Repository for paper 'Topology-Preserving Dimensionality Reduction via Interleaving Optimization'. The images we used in paper are stored in folder images
folder and codes in the ipynb
folder.
In order to re-run the experiments we have in the ipynb
folder, you will need several packages installed first.
bats
is used for general persistent homology computation, including greedy subsampling and computation flags. To install it, see the installation page(we suggest install from source files).
torch_tda
is used for optimzation on persistnet homology based on Pytorch, which supports auto differention. To install it, see the installation page(we suggest install from source files).

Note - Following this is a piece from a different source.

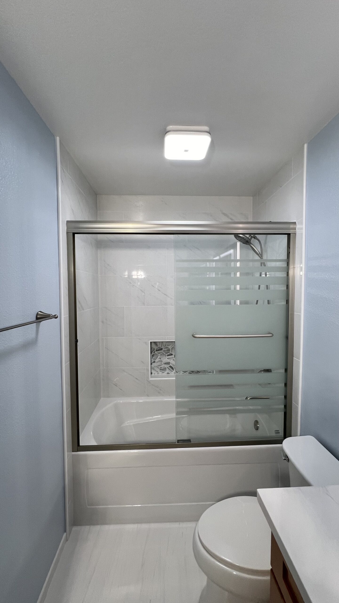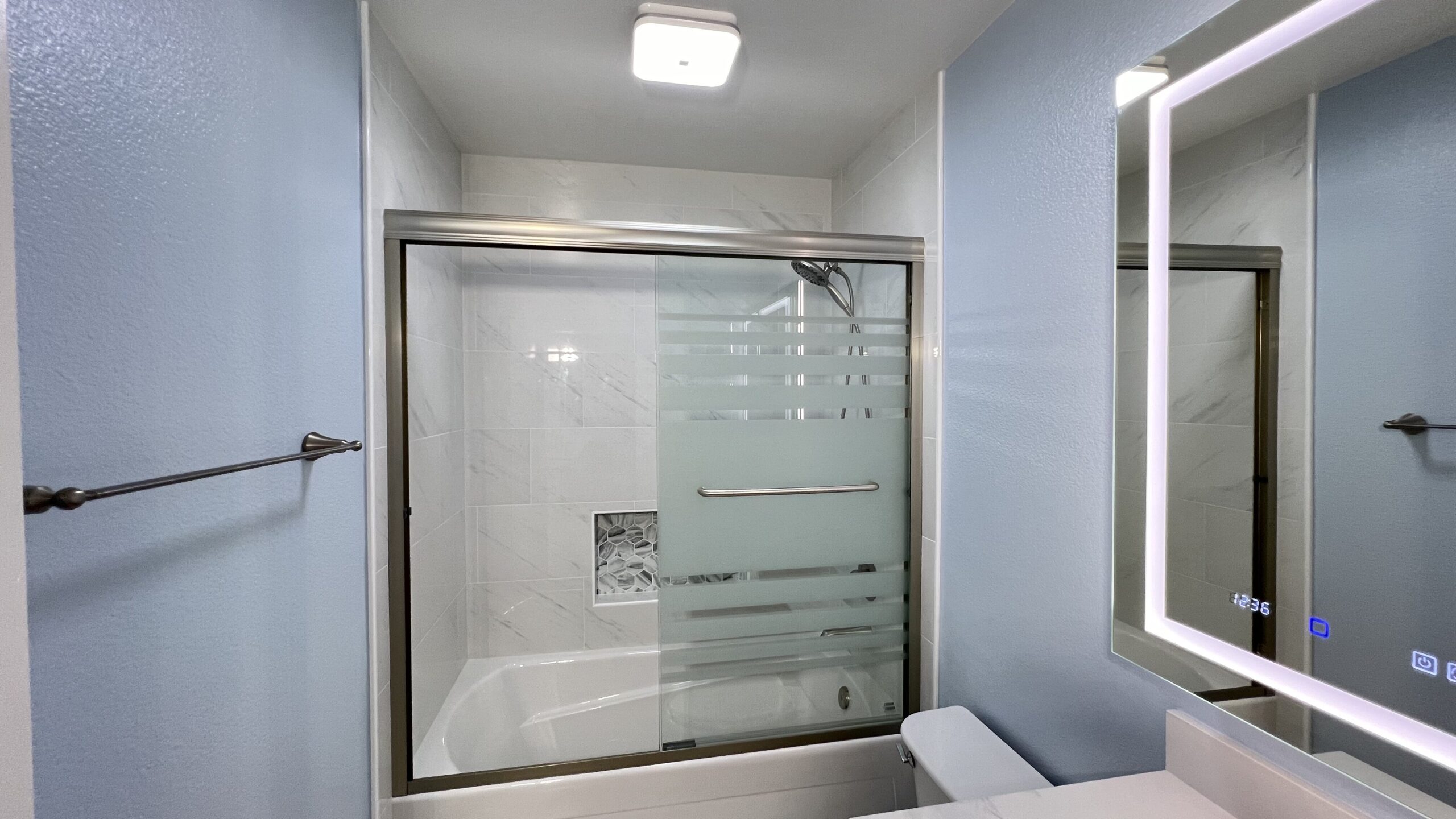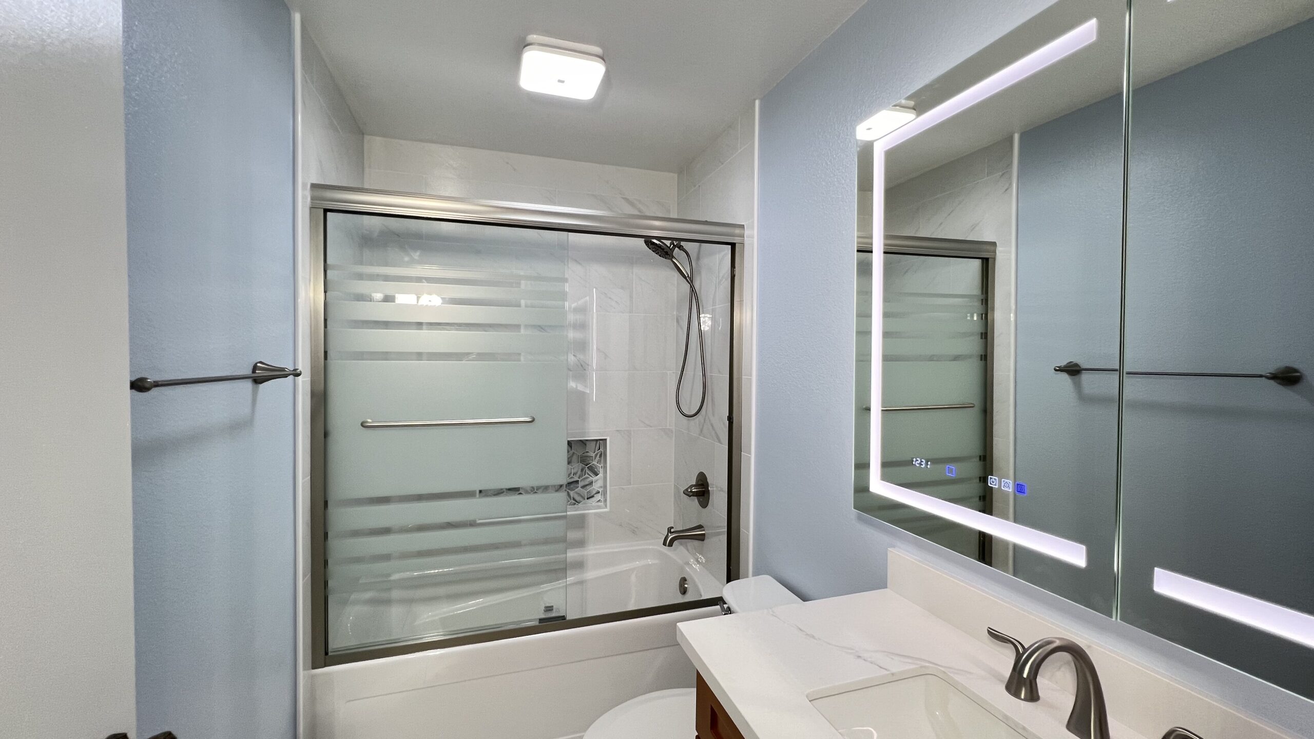 We also remodeled the secondary bathroom for John and Gundi in Citrus Heights. The focus was on enhancing functionality and updating the aesthetics to match their master bathroom.

The synthetic data sets we used in paper are all in ipynb notebooks. Real life data sets are from
- COIL-100: https://www.kaggle.com/jessicali9530/coil100/download
- Natural Image Patches: http://pirsquared.org/research/vhatdb/full/vanhateren_iml.zip
The main function for our dimension reduction method on a data set X
with shape (n,p) is
P, opt_info = bottleneck_proj_pursuit(X)
. It will return us a projection P
with shape (p,2) and a dictionary opt_info
that stores optimzation information. You may also check a variety of parameters you can pass into the function in PH_projection_pursuit.py
.
Next, in order to see the result in 2D plane, use
X_PH = X @ P.T
plt.scatter(X_PH[:, 0],X_PH[:,1])